The task
Copy every line of the records exactly, without including the images.

Record extracts

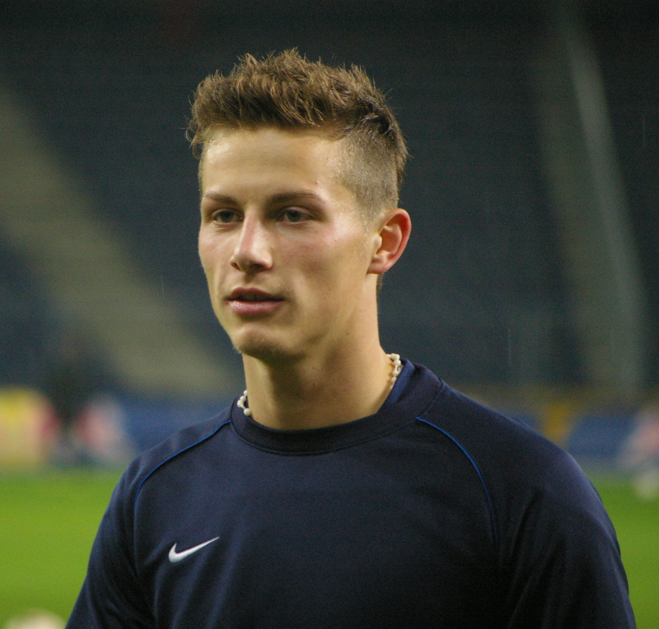 league match Austrian 2nd league
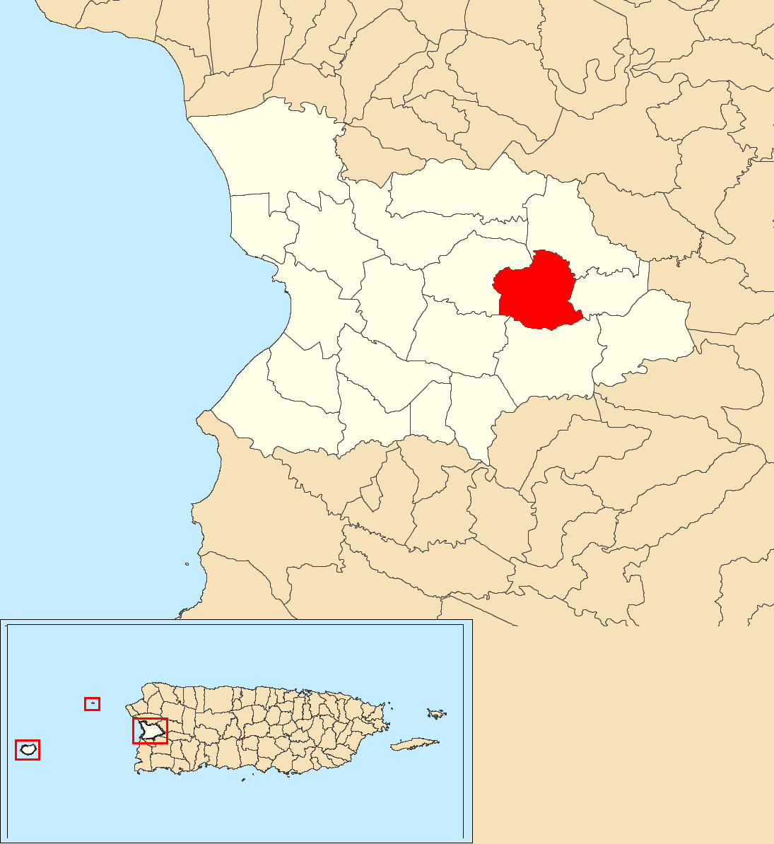 Bateyes, Mayagüez, Puerto Rico locator map
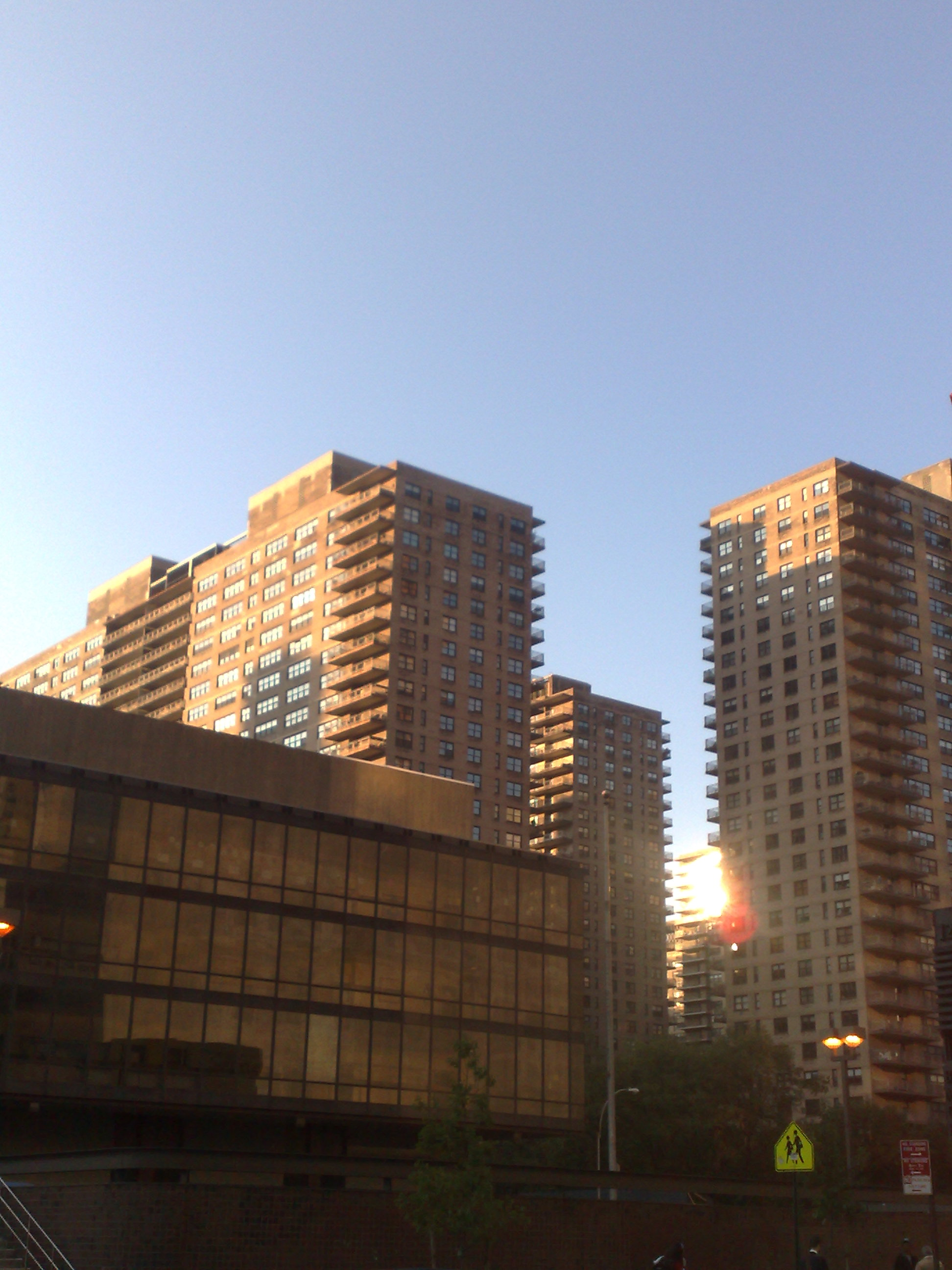 This photo is of Wikis Take Manhattan goal code A13, Lincoln Towers.
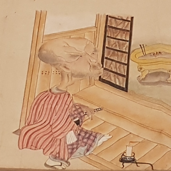 Nurarihyon, Japan yōkai, Bakemono-Zukushi Picture Scroll, Edo Period, 18-19th century
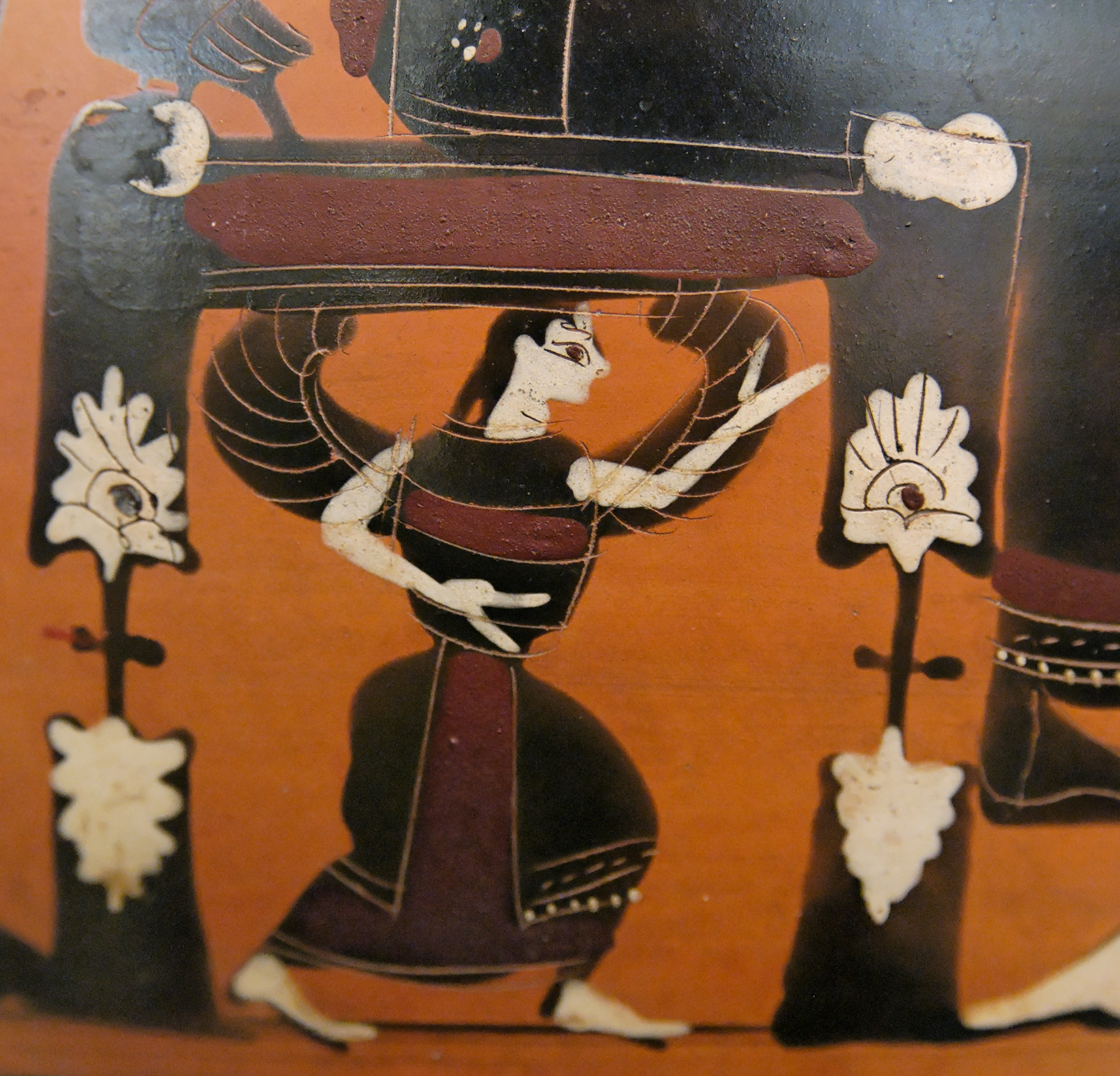 Side A: winged goddess (Metis?) under Zeus' throne, detail of a scene representing the birth of Athena.
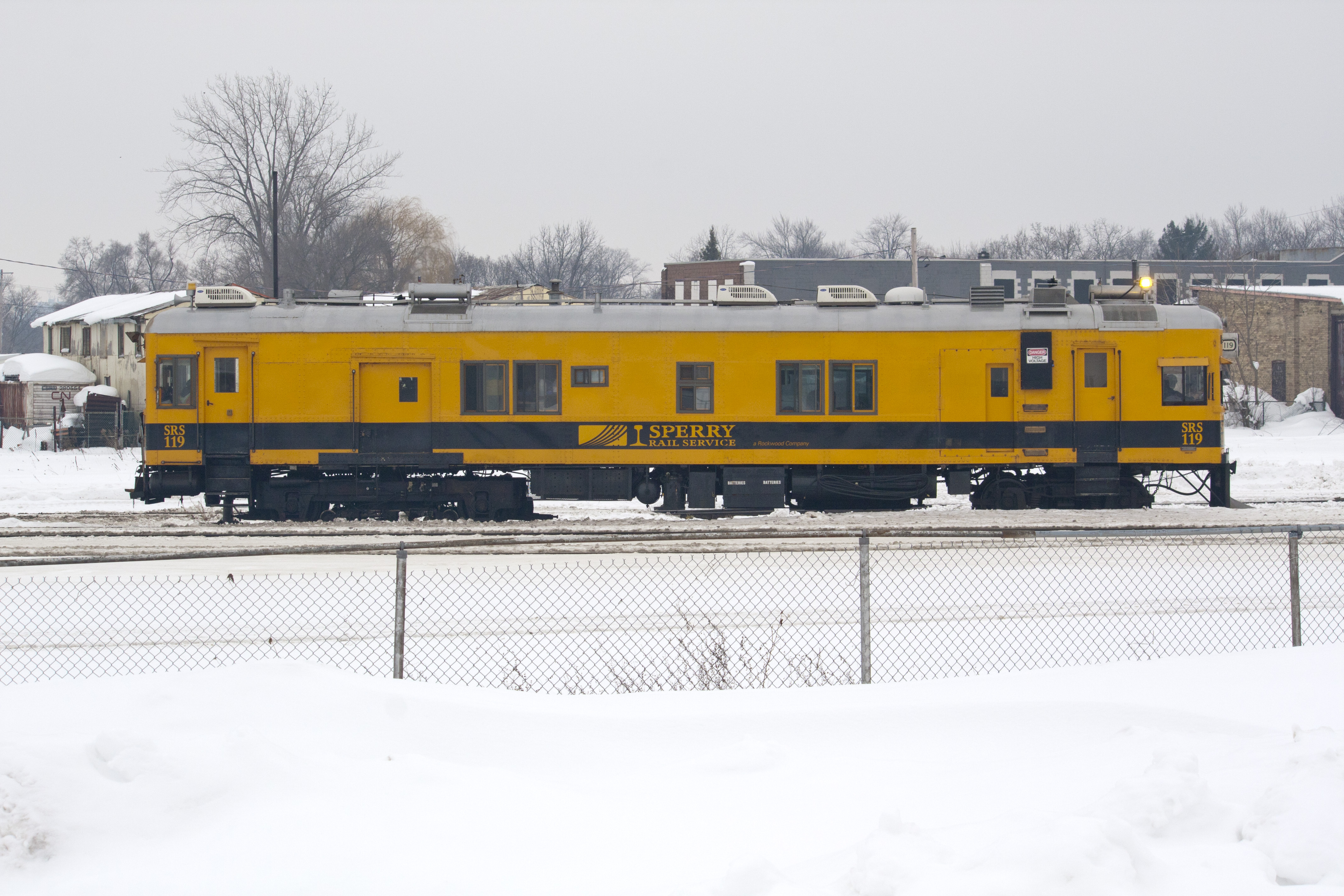 Sperry Rail Services inspection car #119 at CN London East yard, London Ontario.

Output for this exercise
 league match Austrian 2nd league
 Bateyes, Mayagüez, Puerto Rico locator map
 This photo is of Wikis Take Manhattan goal code A13, Lincoln Towers.
 Nurarihyon, Japan yōkai, Bakemono-Zukushi Picture Scroll, Edo Period, 18-19th century
 Side A: winged goddess (Metis?) under Zeus' throne, detail of a scene representing the birth of Athena.
 Sperry Rail Services inspection car #119 at CN London East yard, London Ontario.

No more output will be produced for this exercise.